The emotional confusion matrix for the recognition result of subject No. 15 is given in Figure 8. The recognition accuracy of passion is the highest, nervousness is the lowest, and nervousness is very easy to be misidentified as cheerfulness or relaxation. Comparing the optimal channels with the common channels and the whole channels, the difference is mainly reflected in the recognition accuracy of passion and relaxation, and the probability of being wrongly identified as nervousness increases. Generally speaking, the recognition accuracy of positive emotions is high, and negative emotions are more difficult to identify. Meanwhile, nervousness has certain negative characteristics compared with the other three emotions, so its recognition accuracy is low and easy to be confused.
Figure 9 presents the characteristic topographic map of the brain regions of 10 subjects based on the first movement of “Symphony No.5 in C minor”. We observe that 18 common channels are distributed in five brain regions, mainly concentrated in the frontal and parietal regions. There are Fp1/F3/F7/FT9/FC1/FC2/Fp2/Fz in the frontal lobe, CP5/CP2 in the central region, Pz/P3/P4/P8 in the parietal lobe, O1/Oz/O2 in the occipital lobe, and T8 in the temporal lobe. The response of the EEG entropy of passion in the left prefrontal region Fp1 is significantly stronger than that of the other three emotions, while the entropy of F3 in the left frontal is weaker than the other three emotions. The response of the EEG entropy of relaxation in the vicinity of P8 in the right parietal is significantly suppressed. The entropy value in the vicinity of Fp2 in the right frontal lobe to the T8 channel in the temporal lobe is significantly higher than that of the other three emotions. The entropy of the cheerfulness in whole brain regions is weak, especially in the central region CP2 and in the left frontal FT9. The EEG entropy of nervousness in the region near P3 of the left parietal is significantly stronger than that of the other three emotions.

4. Discussion

The current EEG-based research on musical emotions mainly adopts short-term stimulus materials. However, the ability of short-term stimulation to induce emotion is limited and single, which cannot reflect the corresponding brain response under complex dynamic emotional changes. The dynamic nature is one of the reasons why music can stimulate people’s strong emotional experience; however, short-term stimulation often does not have long-term dynamic characteristics. Therefore, three long-term stimulus materials are adopted in this paper. The EEG responses and classification results based on “Waltz No. 2” (including the dynamic changes of two emotions), “No. 14 Couplets” (including the dynamic changes of three emotions), and “Symphony No. 5 in C minor” (including the dynamic changes of four emotions) all show the diversity and dynamic emotional experience of the subjects.
The emotional cognitive process and EEG response under long-term music stimulation have strong non-linear characteristics, and entropy is an important index to describe the complexity of this system. Based on ApEn and SampEn with common channels, the brain region topographic maps of the overall average entropy value of the subjects are depicted, and the results suggest that there are differences in the distribution of the entropy intensity between different emotions. Those distribution differences may be the foundation for emotional classification and identification. Murugappan et al. [73] proposed that EEG entropy can be used as an effective index of emotion classification. Their research showed that EEG entropy in the emotional state is smaller than that in the non-emotional state, and the accuracy of emotion recognition based on entropy is higher than that in the time domain.

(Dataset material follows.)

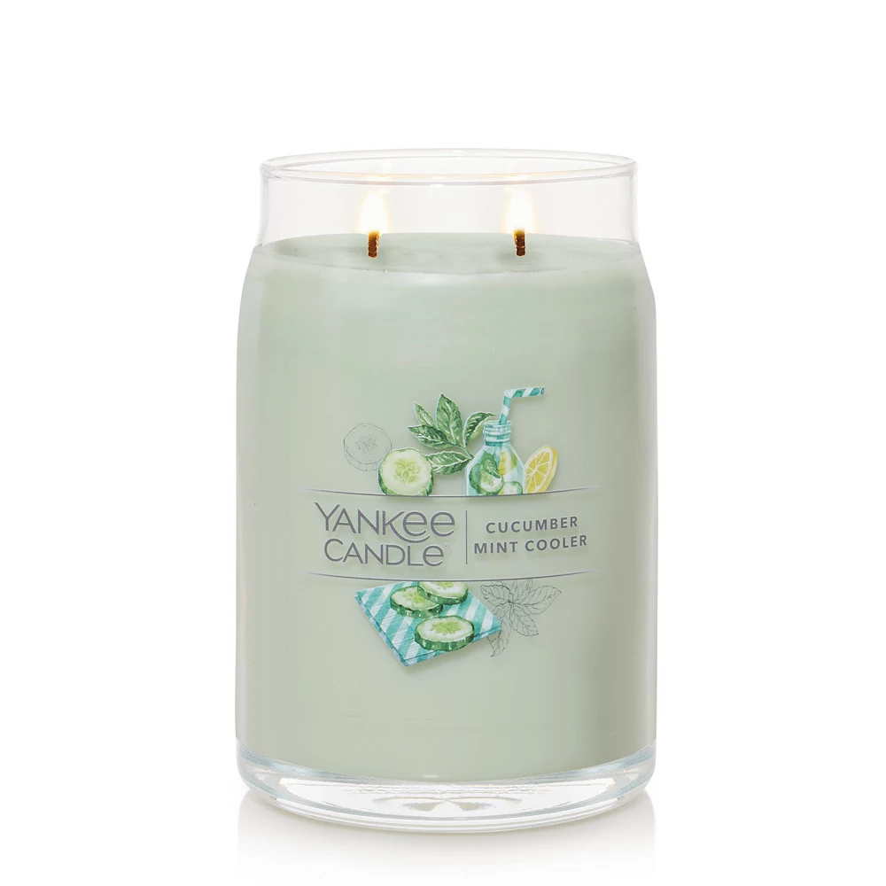 Upgrade the aroma of your space with this Yankee Candle Cucumber Mint Cooler 20-oz. Candle Jar.

Selecting optimal channels and constructing the common channel set are important steps to reduce the dimension of data. Meanwhile, using an optimal channel set can improve the accuracy of emotion recognition for a single subject, and the recognition accuracy based on the common channel set is lower than that based on the optimal channel set, but not much different from that based on the whole channel set. At present, there are many methods for a feature or channel selection including linear discriminant analysis (LDA), principal components analysis (PCA), singular value decomposition (SVD), QR decomposition with column pivoting (QRP), etc. These methods belong to unsupervised methods, which do not use category label information. In this paper, the PSO algorithm was used to select channels. First, the optimal channel set for each subject was obtained, and then a threshold value was determined by counting the selection times of each channel corresponding to the optimal channel set of all subjects (it takes six times, that is, the channel appears in the optimal channel set of six subjects out of ten subjects). If the selection times of a certain channel are greater than or equal to the threshold, it is a common channel suitable for all subjects. The method in this paper belongs to the supervised eigenvector dimensionality reduction method because the recognition rate should be taken as the objective function in channel optimization selection.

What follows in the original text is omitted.